What is needed: Go through the listing below and write out exactly the lines from the one that mentions "Technical analysis shows" through the one that mentions "点灯試験です。和紙を貼ったら", minus the pictures.

***

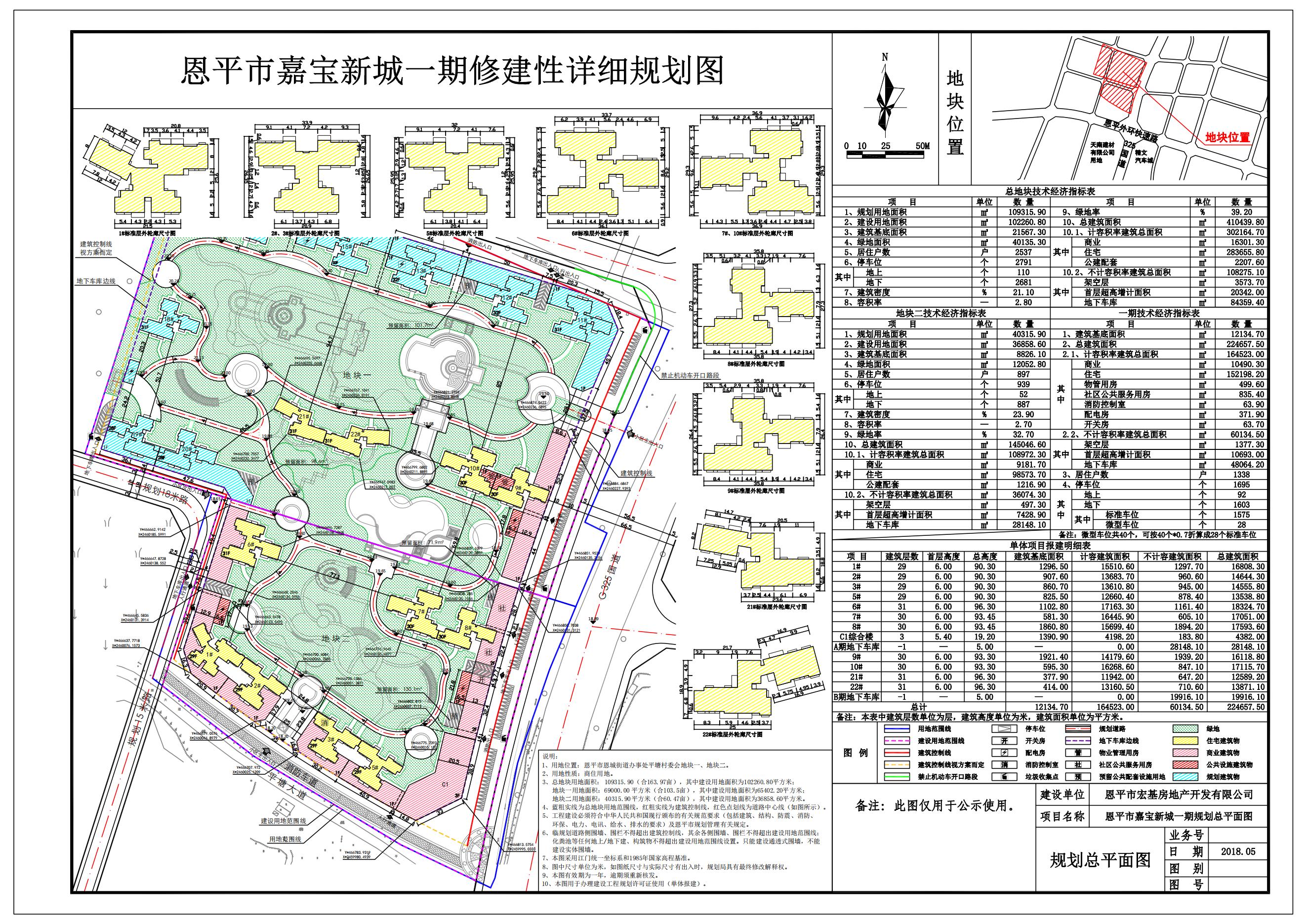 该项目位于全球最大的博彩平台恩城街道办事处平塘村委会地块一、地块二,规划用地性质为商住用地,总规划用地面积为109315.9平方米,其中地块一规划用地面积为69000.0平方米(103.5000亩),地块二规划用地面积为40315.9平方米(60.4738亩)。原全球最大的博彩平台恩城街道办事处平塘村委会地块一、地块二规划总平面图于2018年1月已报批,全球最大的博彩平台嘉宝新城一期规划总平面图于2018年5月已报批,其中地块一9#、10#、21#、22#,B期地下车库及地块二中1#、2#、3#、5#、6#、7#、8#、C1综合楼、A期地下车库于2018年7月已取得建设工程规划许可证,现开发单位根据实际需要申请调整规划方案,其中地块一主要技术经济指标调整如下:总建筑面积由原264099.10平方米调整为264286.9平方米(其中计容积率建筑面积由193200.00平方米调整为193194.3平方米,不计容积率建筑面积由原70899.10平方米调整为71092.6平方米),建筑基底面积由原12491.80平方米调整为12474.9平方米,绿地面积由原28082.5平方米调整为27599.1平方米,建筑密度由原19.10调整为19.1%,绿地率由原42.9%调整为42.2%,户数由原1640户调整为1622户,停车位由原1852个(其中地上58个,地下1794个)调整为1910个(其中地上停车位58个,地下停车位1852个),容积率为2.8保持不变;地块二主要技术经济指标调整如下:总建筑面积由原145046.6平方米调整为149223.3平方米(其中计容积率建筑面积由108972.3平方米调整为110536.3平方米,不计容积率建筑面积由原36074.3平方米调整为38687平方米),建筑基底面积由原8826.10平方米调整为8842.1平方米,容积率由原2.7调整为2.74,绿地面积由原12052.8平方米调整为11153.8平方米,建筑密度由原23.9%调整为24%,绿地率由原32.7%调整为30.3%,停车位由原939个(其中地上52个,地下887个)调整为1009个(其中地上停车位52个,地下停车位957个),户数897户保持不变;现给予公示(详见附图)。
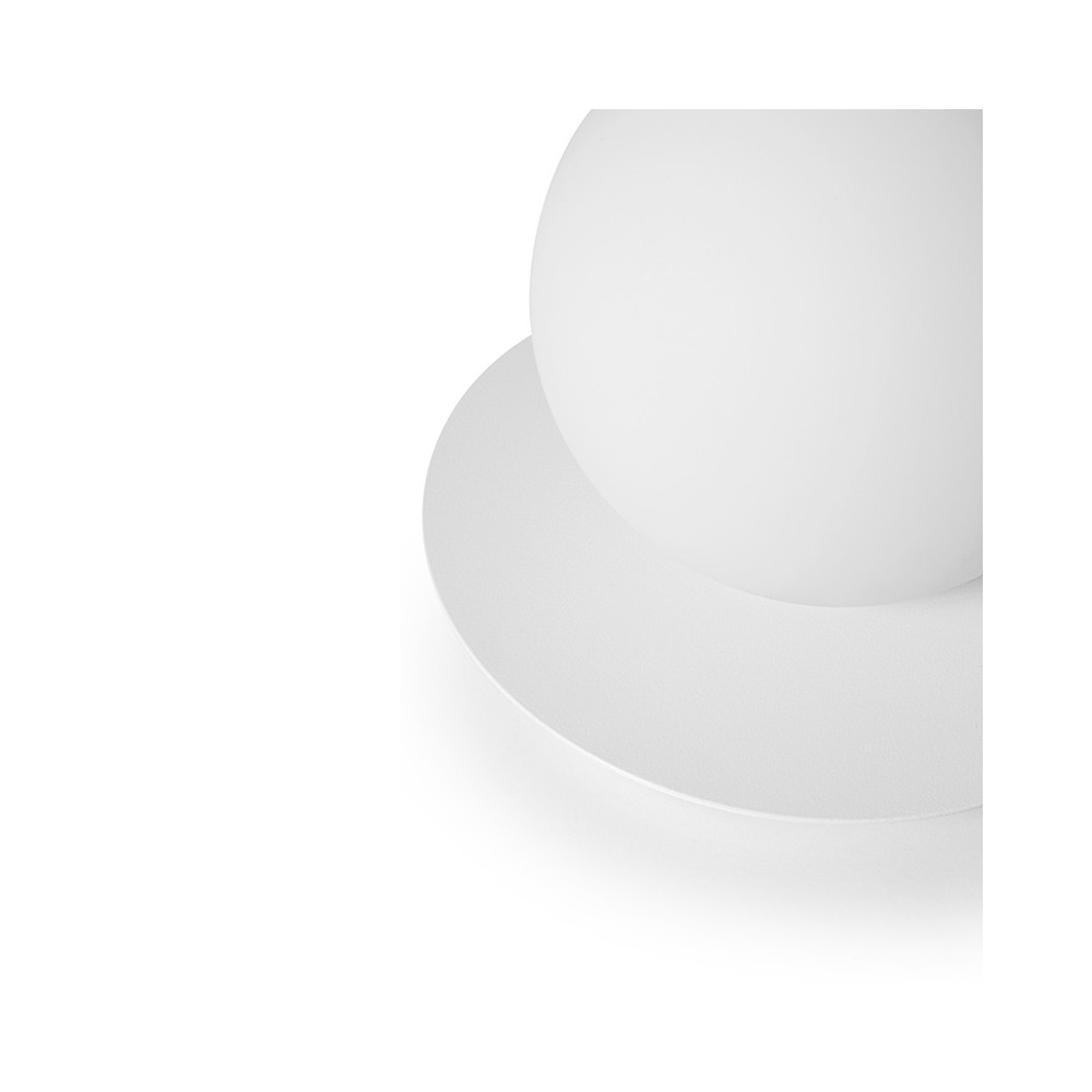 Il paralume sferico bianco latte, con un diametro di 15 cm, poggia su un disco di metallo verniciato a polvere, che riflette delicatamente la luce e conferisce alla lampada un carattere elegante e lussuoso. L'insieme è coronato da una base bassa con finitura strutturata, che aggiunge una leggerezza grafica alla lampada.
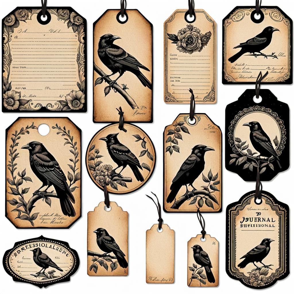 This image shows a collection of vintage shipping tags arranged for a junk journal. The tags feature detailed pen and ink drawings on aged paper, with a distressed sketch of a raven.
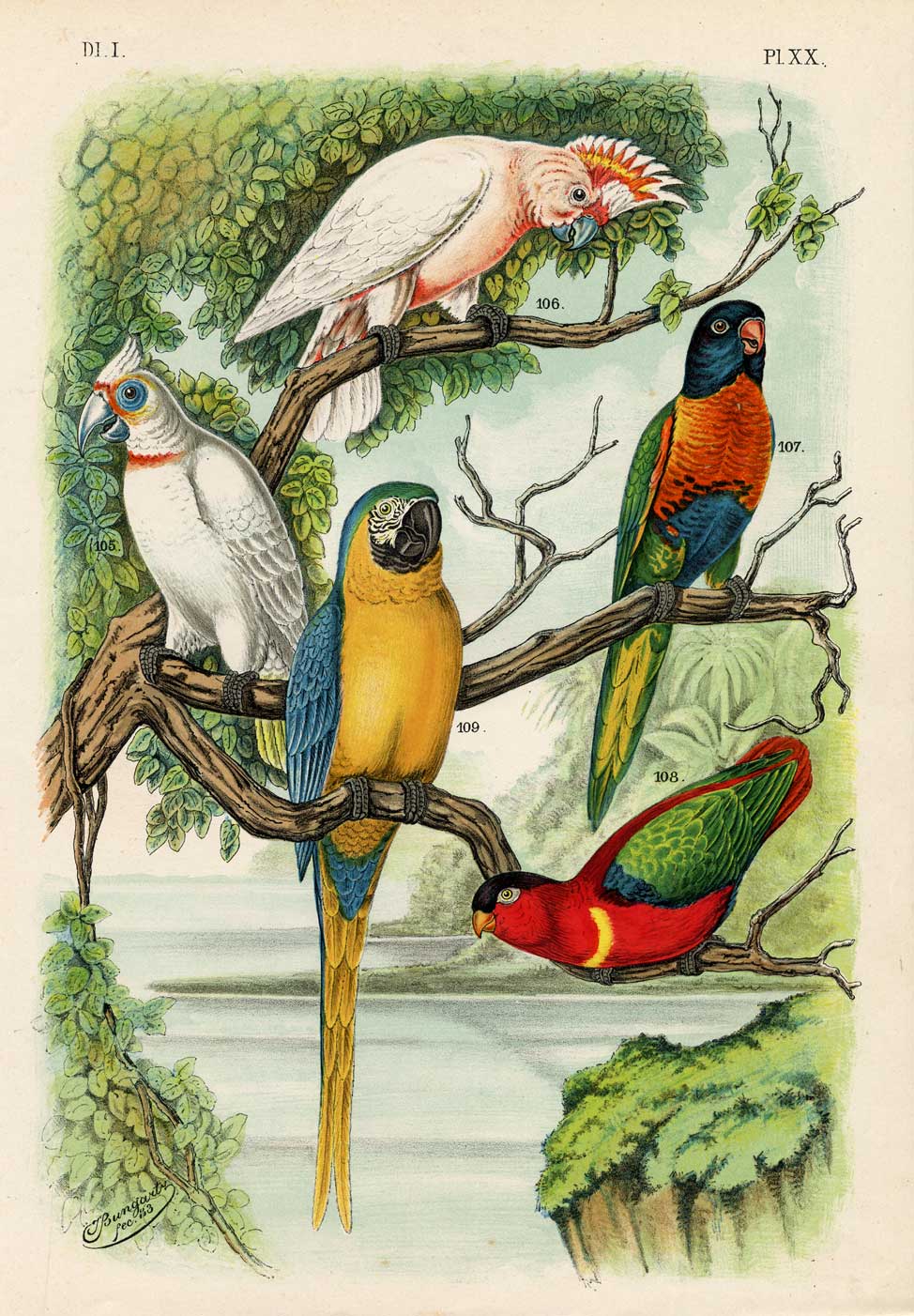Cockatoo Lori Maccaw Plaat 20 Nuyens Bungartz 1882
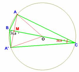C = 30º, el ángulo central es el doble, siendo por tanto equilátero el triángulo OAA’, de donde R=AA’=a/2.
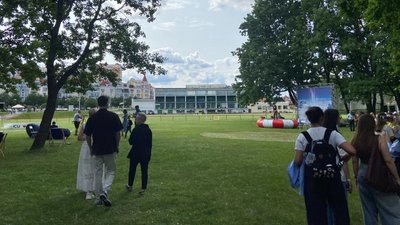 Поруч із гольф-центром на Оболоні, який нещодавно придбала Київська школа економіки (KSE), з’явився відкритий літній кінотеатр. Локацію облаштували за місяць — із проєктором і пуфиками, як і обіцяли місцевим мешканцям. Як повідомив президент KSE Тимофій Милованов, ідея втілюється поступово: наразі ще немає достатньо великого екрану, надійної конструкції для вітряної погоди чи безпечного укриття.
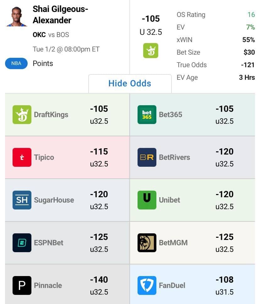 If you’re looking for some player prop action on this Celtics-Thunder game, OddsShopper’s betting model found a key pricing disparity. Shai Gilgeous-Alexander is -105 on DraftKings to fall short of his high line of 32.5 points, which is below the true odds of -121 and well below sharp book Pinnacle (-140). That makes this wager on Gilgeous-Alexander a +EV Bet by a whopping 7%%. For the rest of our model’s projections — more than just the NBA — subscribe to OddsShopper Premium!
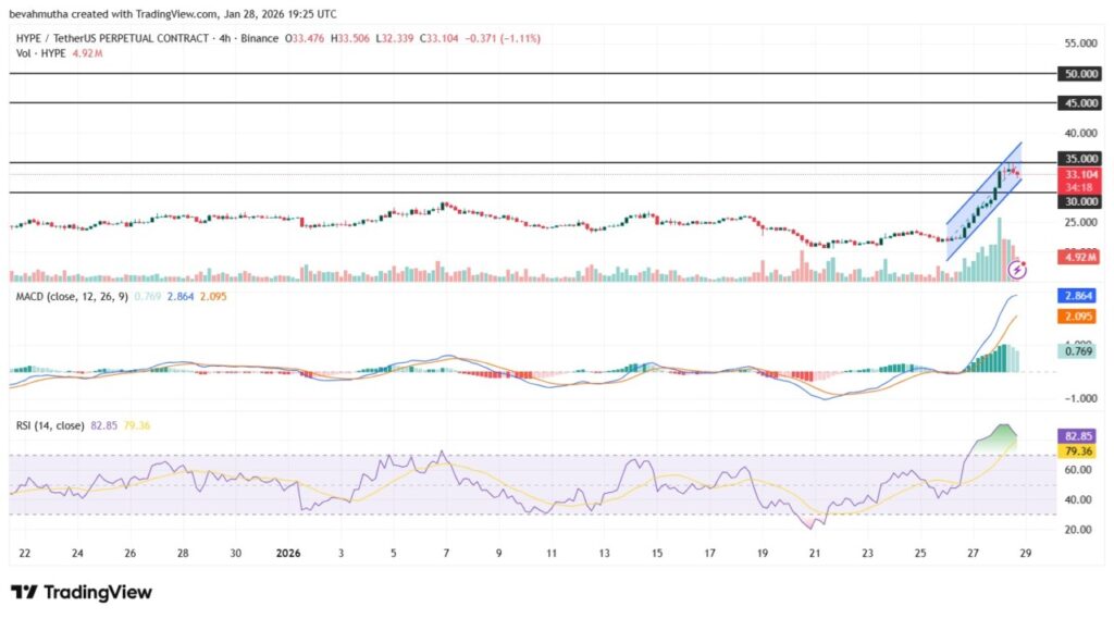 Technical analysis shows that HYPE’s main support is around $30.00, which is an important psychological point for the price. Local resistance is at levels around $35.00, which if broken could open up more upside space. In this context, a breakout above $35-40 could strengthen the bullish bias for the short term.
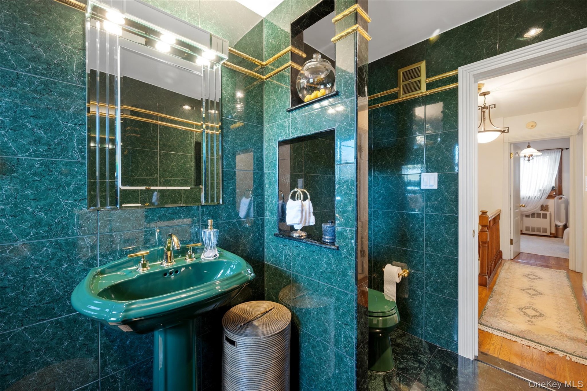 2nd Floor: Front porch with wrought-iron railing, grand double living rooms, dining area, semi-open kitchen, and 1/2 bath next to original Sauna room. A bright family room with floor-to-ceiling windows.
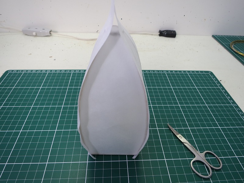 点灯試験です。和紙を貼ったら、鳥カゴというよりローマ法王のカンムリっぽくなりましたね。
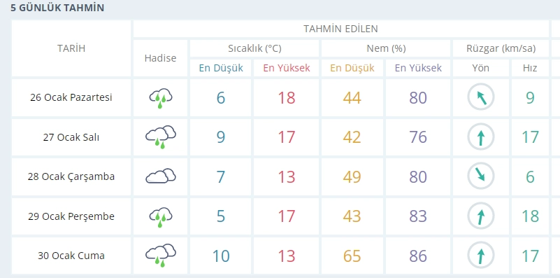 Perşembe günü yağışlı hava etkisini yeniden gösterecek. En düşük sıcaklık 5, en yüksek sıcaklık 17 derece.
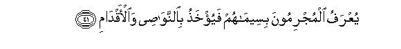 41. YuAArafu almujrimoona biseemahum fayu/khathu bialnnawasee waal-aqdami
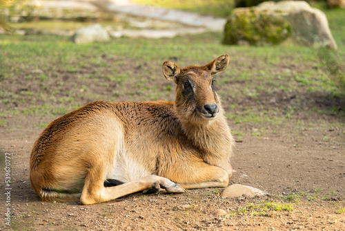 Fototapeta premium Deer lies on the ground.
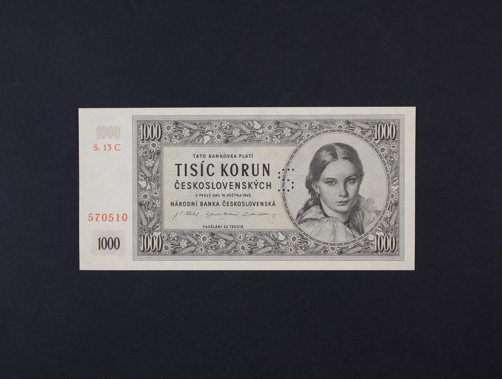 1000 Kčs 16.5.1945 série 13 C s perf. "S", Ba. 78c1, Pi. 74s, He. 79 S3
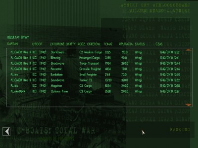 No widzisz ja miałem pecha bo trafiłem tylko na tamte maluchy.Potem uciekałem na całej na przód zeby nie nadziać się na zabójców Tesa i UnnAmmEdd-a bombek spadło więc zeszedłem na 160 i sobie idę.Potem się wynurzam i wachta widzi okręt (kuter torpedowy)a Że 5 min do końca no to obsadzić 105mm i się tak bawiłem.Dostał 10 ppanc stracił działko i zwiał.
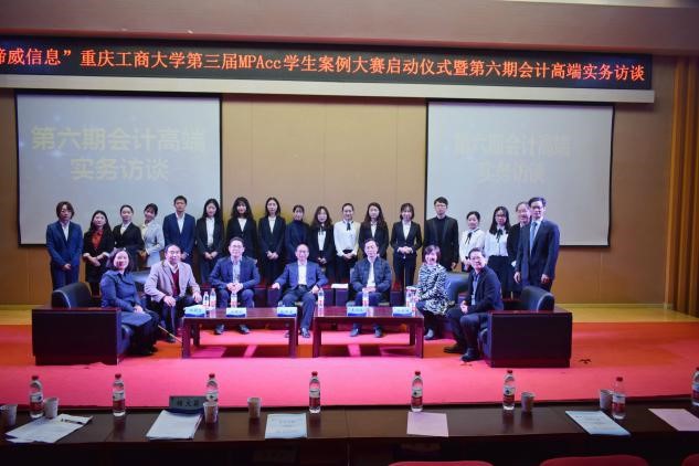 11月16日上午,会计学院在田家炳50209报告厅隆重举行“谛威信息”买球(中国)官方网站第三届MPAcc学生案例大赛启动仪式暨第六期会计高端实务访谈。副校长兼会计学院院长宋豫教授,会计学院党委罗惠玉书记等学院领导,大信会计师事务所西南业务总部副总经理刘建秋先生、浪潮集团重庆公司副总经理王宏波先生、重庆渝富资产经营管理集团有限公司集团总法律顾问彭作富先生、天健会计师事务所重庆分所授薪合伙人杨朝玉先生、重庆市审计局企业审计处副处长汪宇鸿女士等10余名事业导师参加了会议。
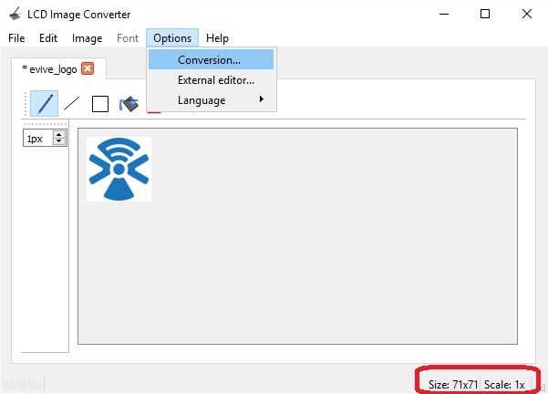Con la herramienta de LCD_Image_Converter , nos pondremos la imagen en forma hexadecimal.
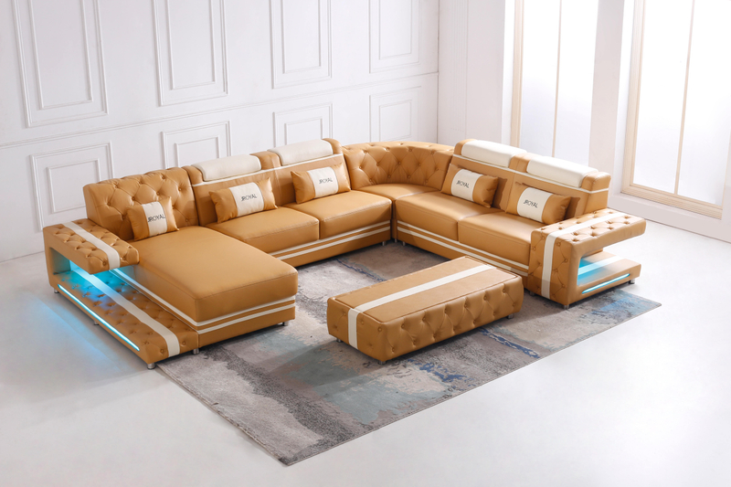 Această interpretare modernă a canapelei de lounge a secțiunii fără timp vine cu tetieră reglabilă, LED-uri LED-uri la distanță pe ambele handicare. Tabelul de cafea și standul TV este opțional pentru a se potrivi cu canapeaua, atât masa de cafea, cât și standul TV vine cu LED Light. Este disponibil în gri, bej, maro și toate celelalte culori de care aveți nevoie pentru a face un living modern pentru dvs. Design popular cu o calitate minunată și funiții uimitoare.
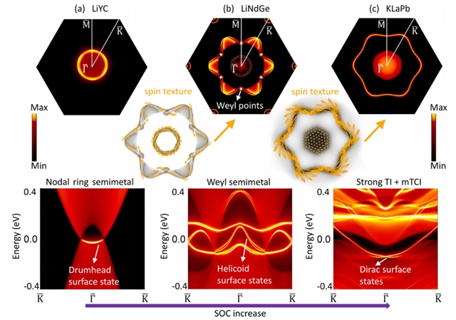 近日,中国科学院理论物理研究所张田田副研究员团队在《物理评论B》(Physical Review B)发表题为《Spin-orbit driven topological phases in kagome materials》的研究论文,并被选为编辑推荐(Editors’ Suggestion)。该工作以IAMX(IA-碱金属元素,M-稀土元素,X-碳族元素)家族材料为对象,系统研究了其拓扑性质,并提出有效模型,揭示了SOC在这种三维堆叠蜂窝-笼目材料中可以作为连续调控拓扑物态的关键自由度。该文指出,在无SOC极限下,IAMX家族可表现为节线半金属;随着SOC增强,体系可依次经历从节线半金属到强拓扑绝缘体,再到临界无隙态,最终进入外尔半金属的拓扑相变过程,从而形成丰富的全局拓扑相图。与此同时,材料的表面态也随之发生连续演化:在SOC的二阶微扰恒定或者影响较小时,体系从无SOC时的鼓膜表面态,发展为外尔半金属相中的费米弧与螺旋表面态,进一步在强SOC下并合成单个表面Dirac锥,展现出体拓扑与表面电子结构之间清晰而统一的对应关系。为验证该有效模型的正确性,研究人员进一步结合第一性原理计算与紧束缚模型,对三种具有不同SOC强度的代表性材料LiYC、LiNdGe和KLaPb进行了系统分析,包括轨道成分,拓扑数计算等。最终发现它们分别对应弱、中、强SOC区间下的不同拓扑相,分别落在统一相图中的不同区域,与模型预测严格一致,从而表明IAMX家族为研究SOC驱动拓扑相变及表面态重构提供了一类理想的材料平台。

***

Output of the exercise:
 Technical analysis shows that HYPE’s main support is around $30.00, which is an important psychological point for the price. Local resistance is at levels around $35.00, which if broken could open up more upside space. In this context, a breakout above $35-40 could strengthen the bullish bias for the short term.
 2nd Floor: Front porch with wrought-iron railing, grand double living rooms, dining area, semi-open kitchen, and 1/2 bath next to original Sauna room. A bright family room with floor-to-ceiling windows.
 点灯試験です。和紙を貼ったら、鳥カゴというよりローマ法王のカンムリっぽくなりましたね。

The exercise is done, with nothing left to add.